* _Task requirements_: Verbatim output, no pictures: the lines from the beginning of the material through the line with "圖示1-大聯(lián)大世", both ends kept.

* _Given data_:
────────

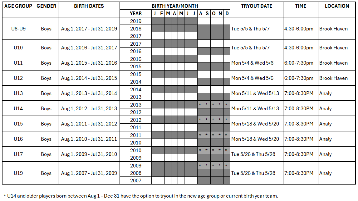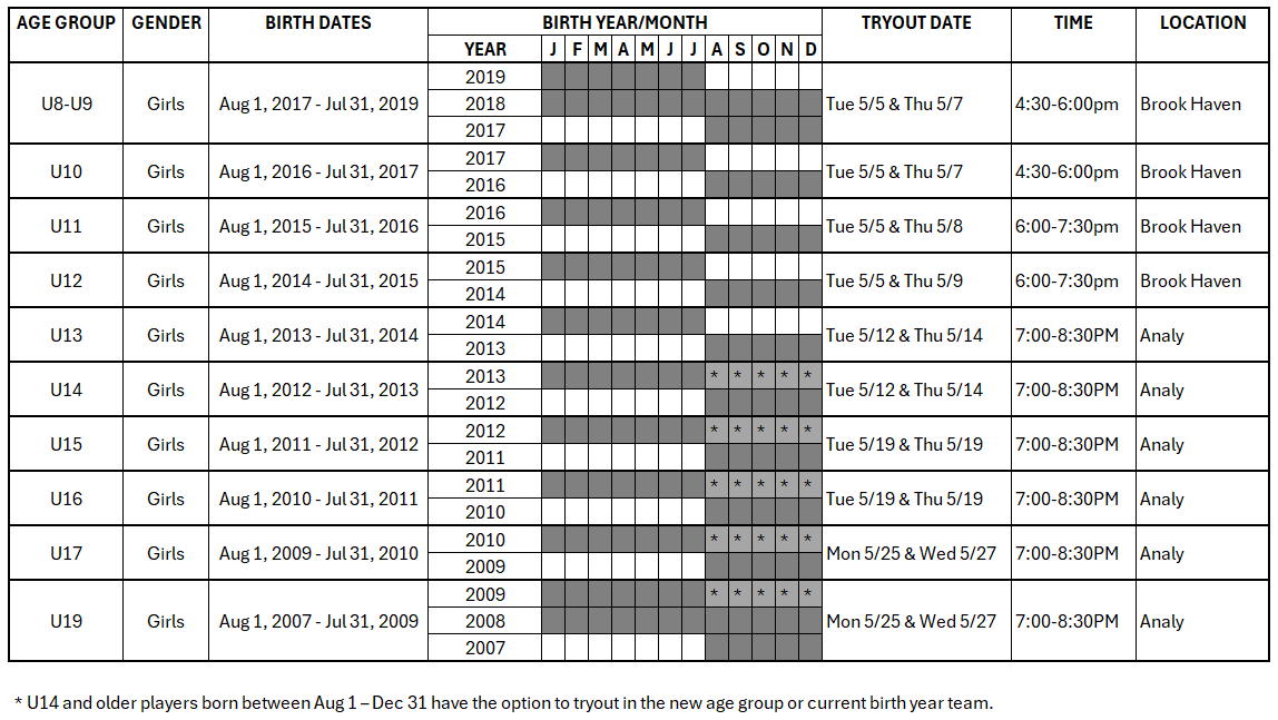 Starting with the 2026/2027 season, US Soccer/US Club Soccer is changing to new age group classifications. This means the birth-year cutoffs used in previous seasons have changed and now align more closely with school grades.
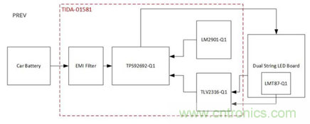 圖示1-大聯(lián)大世平推出基于TI產(chǎn)品的車輛日間行車燈LED驅(qū)動(dòng)器參考設(shè)計(jì)系統(tǒng)架構(gòu)圖
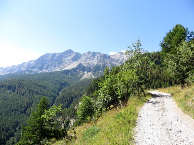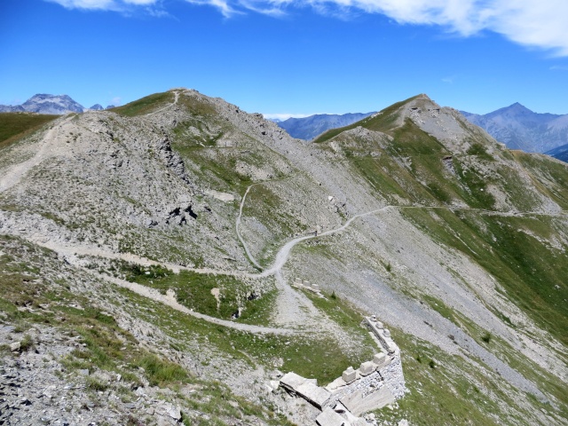 Giro di ampia soddisfazione paesaggistica che si sviluppa in alta Val di Susa nel territorio di confine con la Francia con massima escursione di giornata in corrispondenza del Passo della Mulattiera, teatro di presidio militare ai tempi delle guerre mondiali che hanno segnato questo lembo di territorio italiano/francese con baraccamenti e residui militari sparsi per le circostanti montagne. Per comodità ed opportunità l’itinerario ha inizio dalla bella frazione di Bardonecchia (Les Arnauds-Melezet), presso ampia area di libero parcheggio, ove dopo aver attraversato il ponticello in legno sul Rio di Valle Stretta si segue il sentiero segnavia nr.753 denominato “La Vie du Viò” (prestare l’attenzione di evitare la ripidissima traccia che si presenta immediatamente di fronte utilizzata per il downhill!!). Il sentiero termina incrociando la strada forestale che sale alla Punta Colomion; si svolta dunque a sinistra evitando la salita e poi immediatamente a destra seguendo le indicazioni per il Forte Bramafam/Beaulard. L’ampio sterrato procede in leggero saliscendi superando la chiesetta di Sant’Anna poco dopo la quale si giunge al bivio per il Bramafam. Evitando di proseguirvi in netta risalita, si tiene ora la destra lungo la militare che sale da fondovalle: molto rapidamente, anche attraverso una serie di tornanti si scende di quota incrociando l’asfalto nei pressi dell’attraversamento della Dora di Bardonecchia e della linea ferroviaria. Si tiene ancora una volta la destra (cartelli segnaletici per Oulx/Beaulard) su sterrato riattraversando il torrente e portandosi sul margine destro del medesimo all’interno di una bella pineta attraversata da un ottimo sterrato che corre parallelo al corso d’acqua. Superato il ristorante “al Vecchio mulino” si abbandona lo sterrato principale per salire, a sinistra, su una forestale che rapidamente incontra l’asfalto proveniente da Beaulard per Puys. Deviando a questo punto in salita in direzione dell’abitato si affronta un tratto di asfalto per ca 2,3 km costituito da svariati tornanti panoramici sul fondovalle sino ad arrivare alle prime case di Puys, dove nei pressi di una cappelletta si stacca a sinistra una traccia sterrata che entra nel bosco: trattasi della salita per il Passo Colomion e per il successivo Passo della Mulattiera. Le pendenze non sono particolarmente accentuate ed il fondo permane discreto, pertanto pedalando con regolarità, dopo essere usciti dalla vegetazione, si giunge senza particolari difficoltà nelle immediate vicinanze del primo passo di giornata: qui vale la pena staccarsi brevemente dalla strada principale (quota 1.985 ca) per risalire velocemente alle strutture del Colomion e godere dell’ottima vista panoramica sulla Conca di Bardonecchia (deviazione non in traccia gps). Ritornati poi sulla traccia principale si prosegue lungo la militare affrontando un tratto di leggera salita che aggira il pendio nord-orientale della Selletta e poi con salita più decisa e fondo decisamente più scomposto le sue pendici meridionali. La traccia di sterrato tende poi a migliorare in corrispondenza dell’inizio di una serie di tornanti: è il tratto terminale di salita che da quota 2.260 ca porta a superare rapidamente l’ultimo dislivello e con un semplice traverso dalla pendenza più moderata, peraltro oggetto di recente manutenzione, si giunge sempre in sella in prossimità del Passo della Mulattiera. Prima però di concludere l’ascesa occorre superare un brevissimo tratto (ca 10-15 metri) molto ripido su sentiero che solo i più preparati potranno affrontarlo in sella (mettere in preventivo al massimo meno di 1 minuto di spinta). Lo scenario alpino che ivi giunti (quota 2.428) si apre è decisamente di rilievo: da una parte l’Alta Val di Susa e la catena di rilievi che la circonda, dall’altra i rilievi delle confinanti vallate francesi, alcune delle cui vette appaiono molto simili alle sommità dolomitiche (pendii rocciosi e guglie che degradano rovinosamente nel sottostante pendio erboso). Caratteristico anche il panorama sulla Valle Stretta e sulla traccia sterrata che dall’opposto versante montuoso sale al Colle della Rho (un giro di alta quota in mtb permette di salire dal Colle della Rho e scendere in Valle Stretta). In prossimità del Passo si erge inoltre maestosa la rocciosa Punta Charrà ove si intravede la ferrata degli alpini che ne taglia il versante. Dal passo, tenendo la destra si imbocca una traccia molto evidente di sentiero che scende veloce nel verde pendio e che taglia in seguito il versante occidentale della Punta Charrà attraversando in maniera molto scorrevole e semplice una pietraia molto suggestiva e panoramica sino a giungere ai baraccamenti militari sovrastanti il Col des Acles. Si prosegue in discesa sulla traccia principale piegando a destra e poco dopo si imbocca al successivo bivio una traccia di sentiero che si stacca sulla destra sulle pendici della Rocher de Barrabas. Il sentiero, alternando tratti più ripidi a tratti in falsopiano attraversa un verde pianoro molto panoramico ed a seguire porta a superare un tratto molto rovinato e ripido che inevitabilmente per pochi secondi richiede percorrenza a mano. Poi la traccia diviene decisamente più abbordabile e larga giungendo alla Grange Guiaud (mt. 1.794) ove si trasforma in vera e propria forestale che scende a fondovalle transitando per la Grange Teppa (mt. 1.627). Al termine di questo tratto di veloce discesa, nei pressi della località Pian del Colle, la traccia gps evita l’asfalto e segue un percorso forestale che conduce a Melezet nei pressi dell’area degli impianti di risalita “Chesal”. Dopo alcune centinaia di metri in asfalto, superato l’ultimo parcheggio dell’area, si corre paralleli al torrente e si imbocca un sentiero che, in leggera discesa all’interno del bosco, transitando ai margini della frazione di Les Arnauds riporta al parcheggio iniziale

────────

* _Answer section_:
 Starting with the 2026/2027 season, US Soccer/US Club Soccer is changing to new age group classifications. This means the birth-year cutoffs used in previous seasons have changed and now align more closely with school grades.
 圖示1-大聯(lián)大世平推出基于TI產(chǎn)品的車輛日間行車燈LED驅(qū)動(dòng)器參考設(shè)計(jì)系統(tǒng)架構(gòu)圖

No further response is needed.